Sunday, May 27, 2007

Rules Changed for Mortgage Insurance

A quick update for anyone who missed the announcement. The Government of Canada has passed Bill C37 which changes the minimum loan to value amounts for conventional mortgages.

What does this mean to you? In the past if you were borrowing more than 75% of the purchase price, or value of the property, you had to get CMHC or Genworth mortgage insurance. Now that Loan to Value amount has changed so that there is no need for high ratio mortgage insurance if you are borrowing less than 80% of the homes value. This move will save you a large chunk of change (over a thousand dollars) if you can come up with a 20% downpayment. For those that had been saving up to have a 25% downpayment and avoid the insurance premium, you can now put 20% down on a larger or better home, or spend the extra 5% on furniture, upgrades or savings.

1 comments:

Ben said...

Australia has mortgage insurance as well.

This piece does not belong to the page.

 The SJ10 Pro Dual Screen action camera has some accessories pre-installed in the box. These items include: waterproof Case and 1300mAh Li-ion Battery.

However it is 10% which is a bit better.

Often though banks will let you put the $3000 of mortgage insurance on top of your loan so really it is not that big a deal.

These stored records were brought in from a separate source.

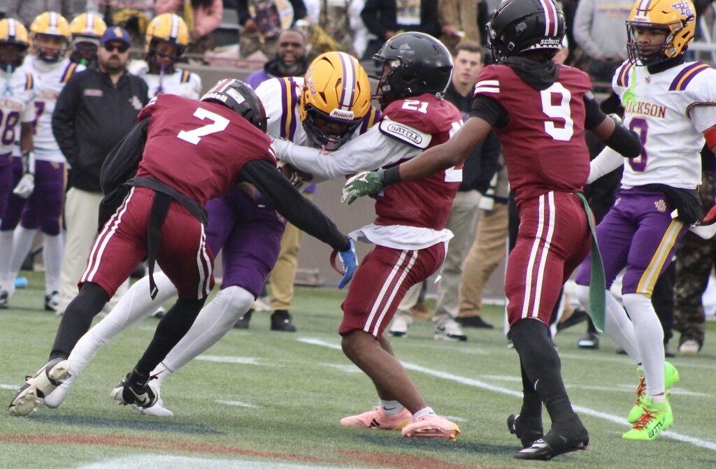 –Jackson’s Dacorious Jackson fumbles after catching a pass, and Anniston’s Malachi Hall recovers at Jackson’s 46.
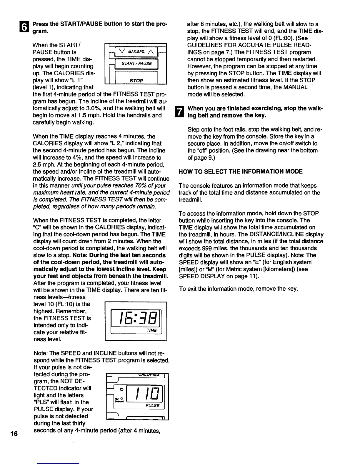 the treadmill, in hours. The DISTANCE/INCLINE display
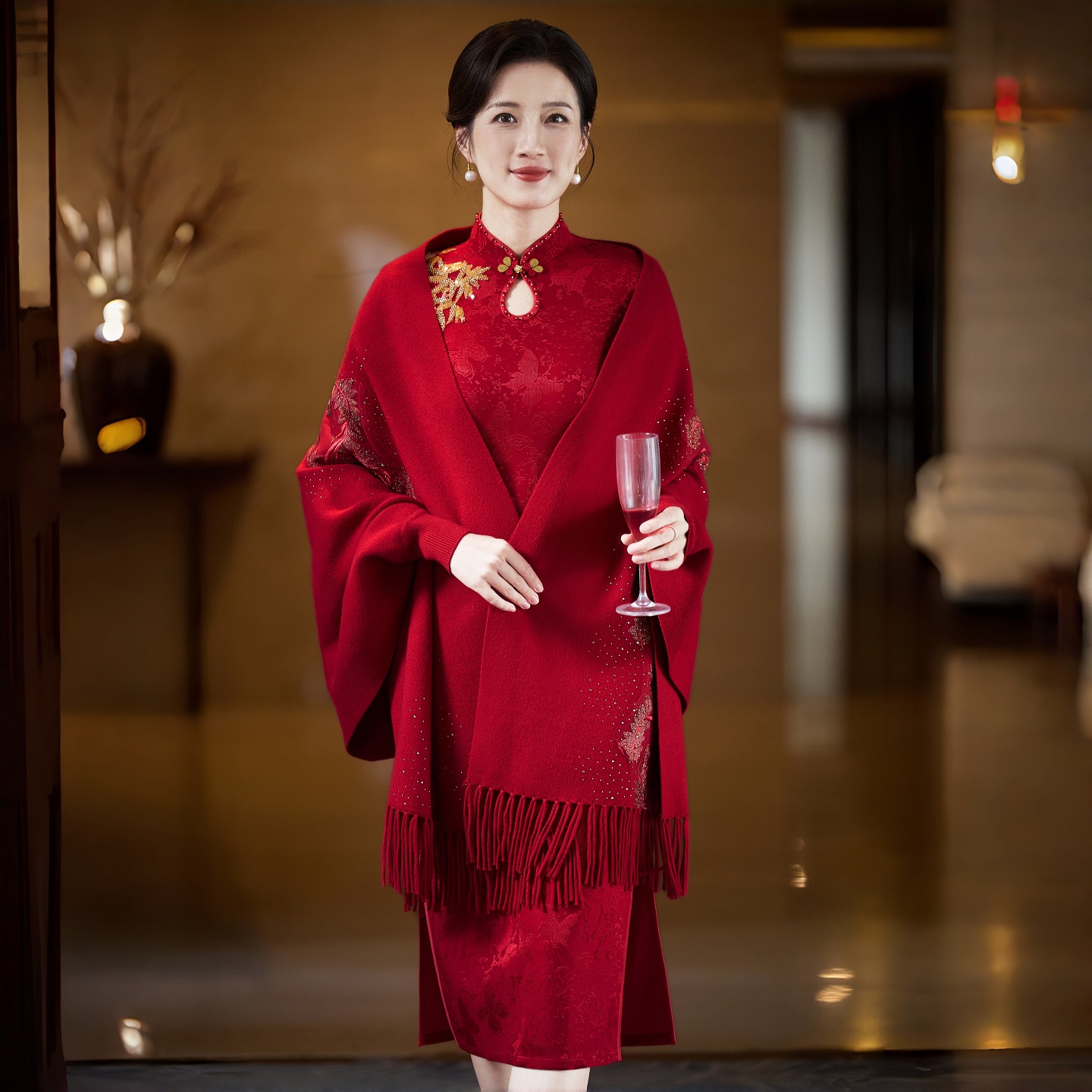 2025新款配旗袍披肩秋冬季婚宴喜婆婆妈妈礼服外套外搭红色女披肩
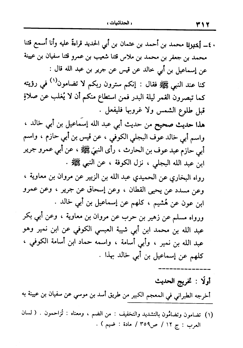 40-[41] أَخْبَرَنَا مُحَمَّدُ بْنُ أَحْمَدَ بْنِ عُثْمَانَ بْنِ أَبِي الْحَدِيدِ قِرَاءَةً عَلَيْهِ وَأَنَا أَسْمَعُ قَالَ: ثنا مُحَمَّدُ بْنُ جَعْفَرِ بْنِ مُحَمَّدِ بْنِ ملاسٍ قال: ثنا شعيب بن عمرو قال: ثنا سُفْيَانُ بْنُ عُيَيْنَةَ عَنْ إِسْمَاعِيلَ بْنِ أَبِي خَالِدٍ عَنْ قَيْسٍ عَنْ جَرِيرِ بْنِ عَبْدِ اللَّهِ قَالَ: كُنَّا عِنْدَ النَّبِيِّ صَلَّى اللَّهُ عَلَيْهِ وَسَلَّمَ فَقَالَ: إِنَّكُمْ سَتَرَوْنَ رَبَّكُمْ لا تُضَامُونَ فِي رُؤْيَتِهِ كَمَا تُبْصِرُونَ الْقَمَرَ لَيْلَةَ البدر فمن استطاع منكم أن لا يُغْلَبَ عَنْ صَلاةٍ قَبْلَ طُلُوعِ الشَّمْسِ وَلا غُرُوبِهَا فَلْيَفْعَلْ.

The way I see it is the time spent saving up to the 10% or in your case 20% the property prices have often risen by say $10 000 in that time.

Also in the time you were saving up you could have used that time by going to auctions or signing contracts with a few wild offers that if you win you could have saved well over what the mortgage insurance would have been anyway.

I guess what I am trying to say is that it is often a false economy worrying about it.